Records from a data collection
# # # # # # #
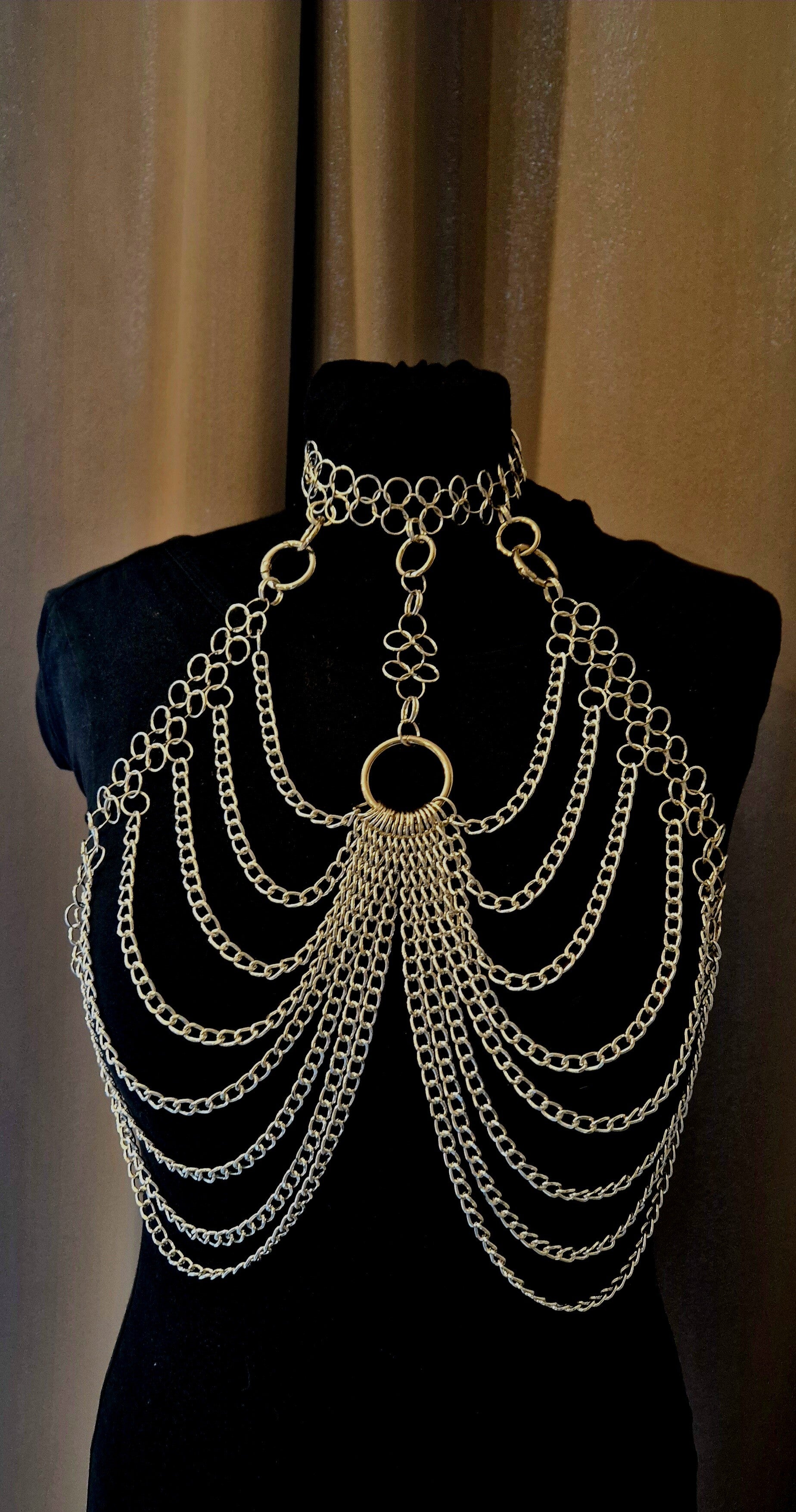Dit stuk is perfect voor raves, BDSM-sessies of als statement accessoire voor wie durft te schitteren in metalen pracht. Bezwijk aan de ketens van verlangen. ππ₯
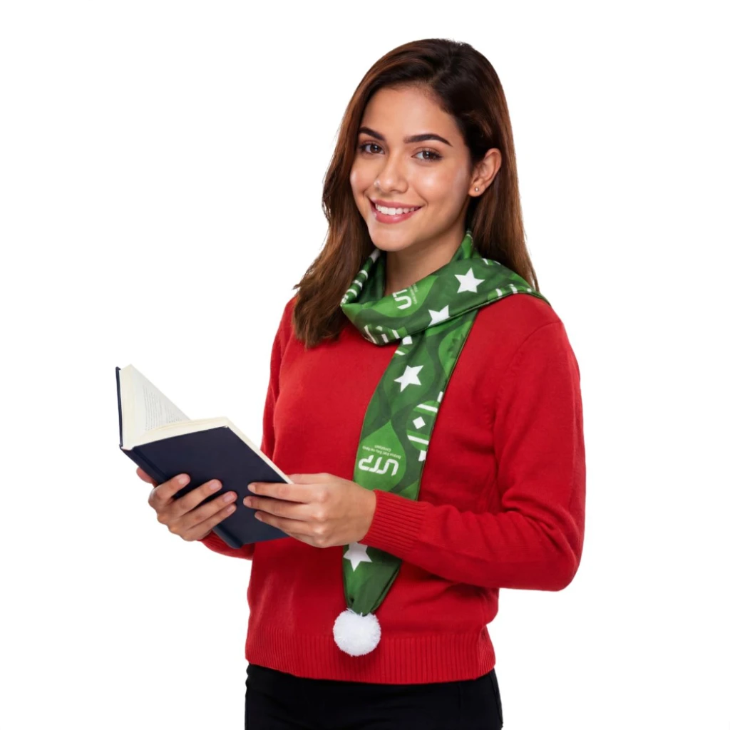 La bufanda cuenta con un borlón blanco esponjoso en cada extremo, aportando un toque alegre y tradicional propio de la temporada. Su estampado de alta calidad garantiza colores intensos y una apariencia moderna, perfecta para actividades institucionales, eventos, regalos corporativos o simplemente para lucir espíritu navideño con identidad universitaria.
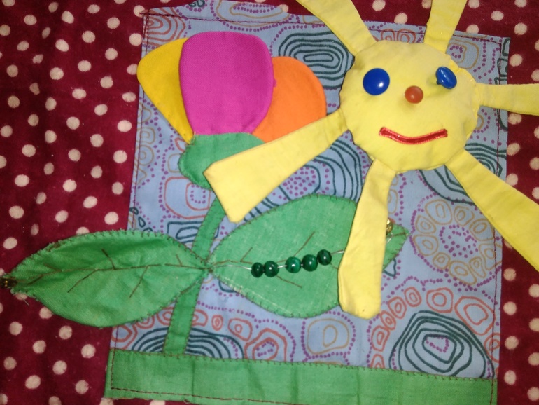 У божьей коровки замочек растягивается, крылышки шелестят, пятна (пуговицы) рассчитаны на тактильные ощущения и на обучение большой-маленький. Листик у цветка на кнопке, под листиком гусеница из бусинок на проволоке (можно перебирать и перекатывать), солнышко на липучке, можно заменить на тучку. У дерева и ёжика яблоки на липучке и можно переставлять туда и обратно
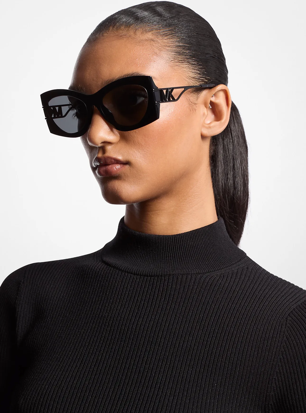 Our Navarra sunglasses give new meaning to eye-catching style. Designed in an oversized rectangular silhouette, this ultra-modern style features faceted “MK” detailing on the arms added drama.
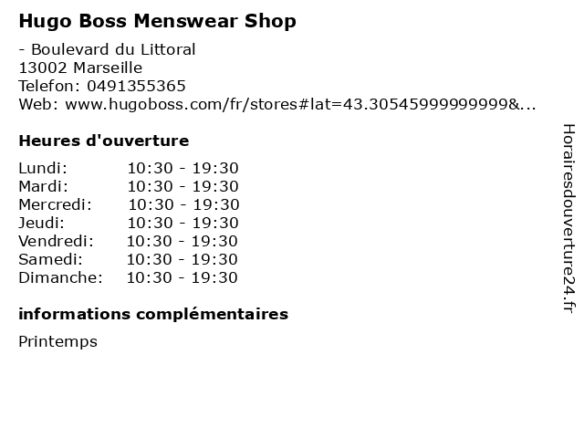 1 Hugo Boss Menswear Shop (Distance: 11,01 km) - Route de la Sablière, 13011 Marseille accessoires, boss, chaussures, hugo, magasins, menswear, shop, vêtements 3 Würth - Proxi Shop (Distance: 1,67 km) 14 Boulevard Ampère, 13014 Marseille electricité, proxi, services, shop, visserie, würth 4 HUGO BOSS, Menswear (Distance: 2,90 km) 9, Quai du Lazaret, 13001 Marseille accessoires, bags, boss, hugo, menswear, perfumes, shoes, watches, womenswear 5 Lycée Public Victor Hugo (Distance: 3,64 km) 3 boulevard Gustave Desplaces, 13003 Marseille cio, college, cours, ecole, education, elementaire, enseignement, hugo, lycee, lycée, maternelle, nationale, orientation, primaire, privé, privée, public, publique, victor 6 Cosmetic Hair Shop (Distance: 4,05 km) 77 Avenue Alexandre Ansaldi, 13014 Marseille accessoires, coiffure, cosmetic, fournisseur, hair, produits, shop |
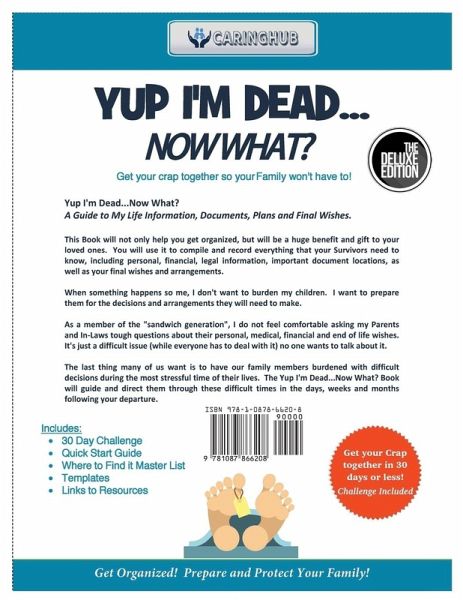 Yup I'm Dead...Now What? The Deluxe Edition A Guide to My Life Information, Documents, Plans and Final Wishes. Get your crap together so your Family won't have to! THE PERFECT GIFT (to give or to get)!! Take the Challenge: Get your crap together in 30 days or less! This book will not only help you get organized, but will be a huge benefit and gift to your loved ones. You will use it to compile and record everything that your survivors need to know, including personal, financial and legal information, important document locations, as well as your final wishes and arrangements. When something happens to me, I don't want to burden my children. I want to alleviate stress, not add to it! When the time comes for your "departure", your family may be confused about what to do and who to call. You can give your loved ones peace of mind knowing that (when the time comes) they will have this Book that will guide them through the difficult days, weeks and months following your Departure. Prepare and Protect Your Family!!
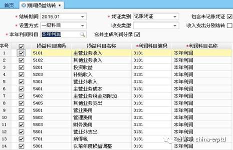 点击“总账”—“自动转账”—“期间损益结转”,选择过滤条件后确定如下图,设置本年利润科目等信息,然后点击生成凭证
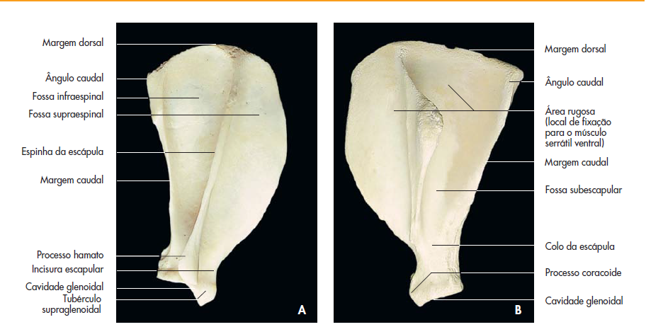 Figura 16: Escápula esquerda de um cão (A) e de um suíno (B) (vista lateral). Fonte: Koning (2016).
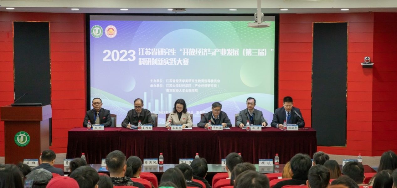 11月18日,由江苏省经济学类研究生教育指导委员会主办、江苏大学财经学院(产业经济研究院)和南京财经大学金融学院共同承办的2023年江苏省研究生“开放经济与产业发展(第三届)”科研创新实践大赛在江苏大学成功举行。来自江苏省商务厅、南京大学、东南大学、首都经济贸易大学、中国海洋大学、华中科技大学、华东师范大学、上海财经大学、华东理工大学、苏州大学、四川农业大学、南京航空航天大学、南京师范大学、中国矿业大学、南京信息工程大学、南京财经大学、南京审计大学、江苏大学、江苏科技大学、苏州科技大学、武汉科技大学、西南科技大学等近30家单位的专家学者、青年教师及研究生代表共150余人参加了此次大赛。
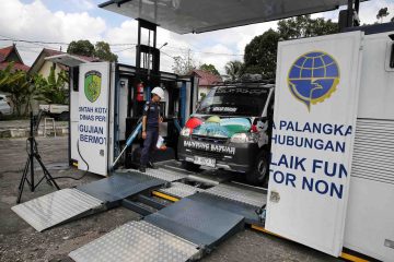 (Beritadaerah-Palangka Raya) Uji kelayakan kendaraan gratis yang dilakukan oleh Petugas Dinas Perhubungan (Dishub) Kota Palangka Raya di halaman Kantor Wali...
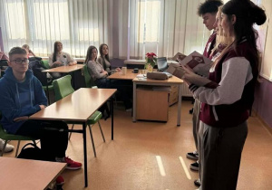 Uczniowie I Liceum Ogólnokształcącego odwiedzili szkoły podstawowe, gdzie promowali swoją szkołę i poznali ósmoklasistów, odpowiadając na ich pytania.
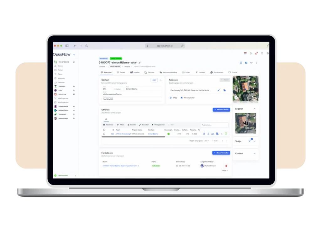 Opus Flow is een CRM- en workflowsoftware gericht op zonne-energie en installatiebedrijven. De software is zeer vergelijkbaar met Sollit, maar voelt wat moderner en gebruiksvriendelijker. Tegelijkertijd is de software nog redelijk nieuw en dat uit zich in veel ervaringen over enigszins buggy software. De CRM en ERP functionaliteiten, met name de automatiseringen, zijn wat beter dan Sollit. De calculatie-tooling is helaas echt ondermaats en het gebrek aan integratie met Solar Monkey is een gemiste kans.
# # # # # # #
**Work to be completed**: Word for word, repeat the lines of data above, omitting every picture.

**Reply**:
Dit stuk is perfect voor raves, BDSM-sessies of als statement accessoire voor wie durft te schitteren in metalen pracht. Bezwijk aan de ketens van verlangen. ππ₯
 La bufanda cuenta con un borlón blanco esponjoso en cada extremo, aportando un toque alegre y tradicional propio de la temporada. Su estampado de alta calidad garantiza colores intensos y una apariencia moderna, perfecta para actividades institucionales, eventos, regalos corporativos o simplemente para lucir espíritu navideño con identidad universitaria.
 У божьей коровки замочек растягивается, крылышки шелестят, пятна (пуговицы) рассчитаны на тактильные ощущения и на обучение большой-маленький. Листик у цветка на кнопке, под листиком гусеница из бусинок на проволоке (можно перебирать и перекатывать), солнышко на липучке, можно заменить на тучку. У дерева и ёжика яблоки на липучке и можно переставлять туда и обратно
 Our Navarra sunglasses give new meaning to eye-catching style. Designed in an oversized rectangular silhouette, this ultra-modern style features faceted “MK” detailing on the arms added drama.
 1 Hugo Boss Menswear Shop (Distance: 11,01 km) - Route de la Sablière, 13011 Marseille accessoires, boss, chaussures, hugo, magasins, menswear, shop, vêtements 3 Würth - Proxi Shop (Distance: 1,67 km) 14 Boulevard Ampère, 13014 Marseille electricité, proxi, services, shop, visserie, würth 4 HUGO BOSS, Menswear (Distance: 2,90 km) 9, Quai du Lazaret, 13001 Marseille accessoires, bags, boss, hugo, menswear, perfumes, shoes, watches, womenswear 5 Lycée Public Victor Hugo (Distance: 3,64 km) 3 boulevard Gustave Desplaces, 13003 Marseille cio, college, cours, ecole, education, elementaire, enseignement, hugo, lycee, lycée, maternelle, nationale, orientation, primaire, privé, privée, public, publique, victor 6 Cosmetic Hair Shop (Distance: 4,05 km) 77 Avenue Alexandre Ansaldi, 13014 Marseille accessoires, coiffure, cosmetic, fournisseur, hair, produits, shop |
 Yup I'm Dead...Now What? The Deluxe Edition A Guide to My Life Information, Documents, Plans and Final Wishes. Get your crap together so your Family won't have to! THE PERFECT GIFT (to give or to get)!! Take the Challenge: Get your crap together in 30 days or less! This book will not only help you get organized, but will be a huge benefit and gift to your loved ones. You will use it to compile and record everything that your survivors need to know, including personal, financial and legal information, important document locations, as well as your final wishes and arrangements. When something happens to me, I don't want to burden my children. I want to alleviate stress, not add to it! When the time comes for your "departure", your family may be confused about what to do and who to call. You can give your loved ones peace of mind knowing that (when the time comes) they will have this Book that will guide them through the difficult days, weeks and months following your Departure. Prepare and Protect Your Family!!
 点击“总账”—“自动转账”—“期间损益结转”,选择过滤条件后确定如下图,设置本年利润科目等信息,然后点击生成凭证
 Figura 16: Escápula esquerda de um cão (A) e de um suíno (B) (vista lateral). Fonte: Koning (2016).
 11月18日,由江苏省经济学类研究生教育指导委员会主办、江苏大学财经学院(产业经济研究院)和南京财经大学金融学院共同承办的2023年江苏省研究生“开放经济与产业发展(第三届)”科研创新实践大赛在江苏大学成功举行。来自江苏省商务厅、南京大学、东南大学、首都经济贸易大学、中国海洋大学、华中科技大学、华东师范大学、上海财经大学、华东理工大学、苏州大学、四川农业大学、南京航空航天大学、南京师范大学、中国矿业大学、南京信息工程大学、南京财经大学、南京审计大学、江苏大学、江苏科技大学、苏州科技大学、武汉科技大学、西南科技大学等近30家单位的专家学者、青年教师及研究生代表共150余人参加了此次大赛。
 (Beritadaerah-Palangka Raya) Uji kelayakan kendaraan gratis yang dilakukan oleh Petugas Dinas Perhubungan (Dishub) Kota Palangka Raya di halaman Kantor Wali...
 Uczniowie I Liceum Ogólnokształcącego odwiedzili szkoły podstawowe, gdzie promowali swoją szkołę i poznali ósmoklasistów, odpowiadając na ich pytania.
 Opus Flow is een CRM- en workflowsoftware gericht op zonne-energie en installatiebedrijven. De software is zeer vergelijkbaar met Sollit, maar voelt wat moderner en gebruiksvriendelijker. Tegelijkertijd is de software nog redelijk nieuw en dat uit zich in veel ervaringen over enigszins buggy software. De CRM en ERP functionaliteiten, met name de automatiseringen, zijn wat beter dan Sollit. De calculatie-tooling is helaas echt ondermaats en het gebrek aan integratie met Solar Monkey is een gemiste kans.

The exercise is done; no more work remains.